Pekik Kevin lalu Damon mencarinya dan,”ya seperti ucapan kakek, Hani berada di tempat yang sama dan ini peta di gedung ini. Gedungnya berada di pinggir kota dekat pulau jauh dari sini. Mungkin akan sampai selama 6 jam atau 7 jam kedepan. Dimana Samuel sekarang?”
“Mereka akan tiba 3 jam mendatang.”
“Aku akan pergi menyusul, aku harus menolong istriku.”
“Begitupun denganku, dan aku harus bang Fariz tunggu disini saja kau kan paling bisa beralibi kepada bunda dan ayah. Sedangkan aku tidak. Gampang di ketahui.”
“Baiklah, hati-hati.”
“hem.”
__ADS_1
“Oh ya, sebelum itu tutup berita tentang penculikan aisyah dan jangan sampai diketahui oleh bunda atau keluarga kita para wanita. Mengerti?” pinta Izak yang langsung dilakukan oleh Damon untuk menyembunyikan berita Aisyah sampai gadis itu di selamatkan.
Izak dan yang lain berlalu.
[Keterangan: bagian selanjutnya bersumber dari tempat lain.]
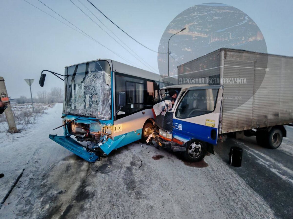 В чате «Дорожная обстановка Чита» пишут, что ДТП произошло на повороте на ГРЭС: у грузовика смяло кабину, у автобуса разворотило передний бампер и потрескалось лобовое стекло. Из-за аварии может быть затруднено движение — машины перекрыли большую часть дороги. UPD: По предварительным данным ГАИ, утром на 4-й Станкозаводской столкнулись «Лиаз» и Mitsubishi Canter. Одного из участников ДТП увезли в больницу. Видео и фото: тг-каналы «ЧП Чита» и «Дорожная обстановка Чита» 📌📌 Предложить новость

Mereka akan menuju tempat tujuan dimana Aisyah dan Hani berada. Sedangkan Aisyah, saat ini ia masih belum sadar diri. Namun samar-samar ia mendengarkan suara beberapa orang didekatnya.
“Jika kau melakukan hal itu lagi. Akan kubunuh kau didepan sahabatmu mengerti.”
“Em.”
“Dasar gadis gila.”
Brak!
Mendengar suara pintu terbanting Aisyah mengerjapkan kedua matanya dan melihat sekeliling ruangan yang sangat berantakan dan kotor. Namun bukan itu yang penting sahabatnya, Hani. Gadis itu terikat seperti dirinya namun bedanya wajahnya terlihat memerah dan kedua matanya sudah basah.
“Dimana kita han?”
“Kamu sudah sadar? Maafkan aku Aisyah, aku tidak tau mereka orang jahat yang mengincarmu, aku tidak tau bahwa aku sudah mencelakaimu.” Aisyah menggeleng kepala, “tidak, kau tidak salah. Mungkin ini semua takdir. Banyak yang membenci suami, dan abangku kemungkinan. Atau mereka melakukan pembalasan dendam?”
“Kau tau sesuatu?”
“Tentang masa lalu suamiku walaupun pria itu tidak pernah mengungkitnya setelah kami menikahpun.”
“Apa kita akan selamat?”
“Kita pasti akan selamat, mereka menculikku didepan keramaian dan dihadapan abangku. Pasti mereka sengaja melakukan itu karena ingin terkenal sepertiku?”
“Tidak, jika aku mati sekarang aku ikhlas, mungkin ini sudah takdirku. Tapi yang ku khawatirkan bagaimana dengan keluargaku? Penggemarku? Temanku dan semua orang yang kusayangi itu? Apa mereka akan membalas dendam kepada penjahat ini apa dunia akan rusuh setelah kepergianku?”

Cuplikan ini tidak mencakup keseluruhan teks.